Q3. Refer to Lizzie's
Answer:
Whenever a Myco test is done, we compare the results to the positive control results. Yes, there is sure a chance for a false positive result to occur if the wells were subjected to agitation.
- Basically, a definite compact button in center of well with a smooth round outer margin indicates a negative result. A definite large ring with firmly agglutinated particles spread within the ring indicates a postive result.
- A specimen showing (-) with Unsensitized particles (at 1:20 final dilution) but demonstrating (+) or more with Sensitized particles (at 1:40 final dilution) is interpreted as positive. The end antibody titre is determined as the final dilution giving a (+) pattern.

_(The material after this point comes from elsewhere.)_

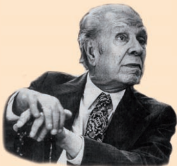
Jorge Luis Borges

Gli autori sottolineano infine che i risultati da loro raccolti non possono essere estrapolati a oltre 5 anni, poiché l'effetto dell'iperglicemia sulla progressione dell'arteriosclerosi può manifestarsi anche dopo molti anni.

- Regardless of the reading of the reaction pattern with Unsensitized particles, a specimen showing (-) with Sensitized Particles (at 1:40 dilution) is interpreted as negative.
Q4. Refer to Sally's
Answer:
hemolytic anemia is a disorder characterized by the premature destruction of red blood cells (rbcs) by the body's natural defenses against invading organisms. Hence, an elevated level of agglutinin will result in the premature destruction of rbcs. Normally, the red blood cells have a life span of approximately 120 days before they are destroyed by the spleen. In individuals with hemolytic anemia, the red blood cells are destroyed prematurely and the rate of production of new cells in the bone marrow can no longer compensate for their loss. The severity of the anemia is determined by the length of time that the red blood cells survive and by the rate at which the bone marrow continues to create new red blood cell production.

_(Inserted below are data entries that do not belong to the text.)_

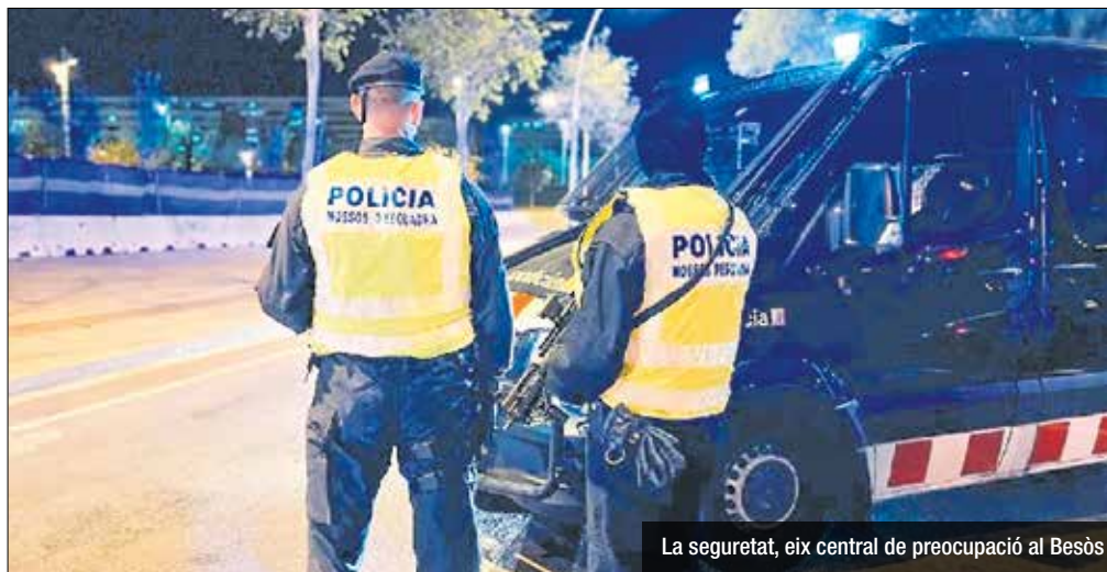
La seguretat, eix central de preocupació al Besòs

La proposta pactada per Junts i el PSC rep el suport de quasi tots els grups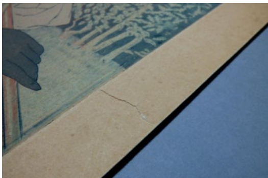
Déchirure sur l'œuvre

En prévision de l'exposition consacrée aux imprimeurs-graveurs Auguste Delâtre et son fils Eugène, certaines œuvres reçoivent des soins particuliers pour améliorer leur état de conservation et de présentation. Près d'une vingtaine d'estampes ont ainsi bénéficié d'un traitement par une restauratrice en arts graphiques. Les œuvres ont été dépoussiérées recto-verso, les anciens adhésifs retirés et les plis et déchirures consolidés. Deux œuvres, fortement oxydées, ont fait l'objet d'un traitement plus approfondi. À l'issue de ce chantier, les œuvres sont montées sous passe-partout et encadrées pour être présentées dans l'exposition Un siècle d'impression(s). Dans l'atelier des Delâtre à Montmartre .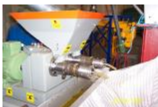
Presse à huile

(fyi) The immune hemolytic anemias are classified according to the optimal temperature at which the antibodies act to destroy red blood cells. As their names imply, cold antibody hemolytic anemia occurs at temperatures of approximately 0 to 10 degree celsius (temperatures colder than normal body temperature), while warm antibody hemolytic anemia (WAHA) occurs at temperatures of 37 degrees celsius or higher.
Q5. Refer to Jia Hao's
Answer: There are two common types of hCG tests. A qualitative hCG test detects if hCG is present in the blood. A quantitative hCG test (or beta hCG) measures the amount of hCG actually present in the blood. First of all, you have to understand the purposes of both the tests. A qualitative hCG test is done via the commercial test strips to detect if a woman is pregnant in the first place. Quantitative hCG test is done to guage roughly how long has it been since the woman got pregnant.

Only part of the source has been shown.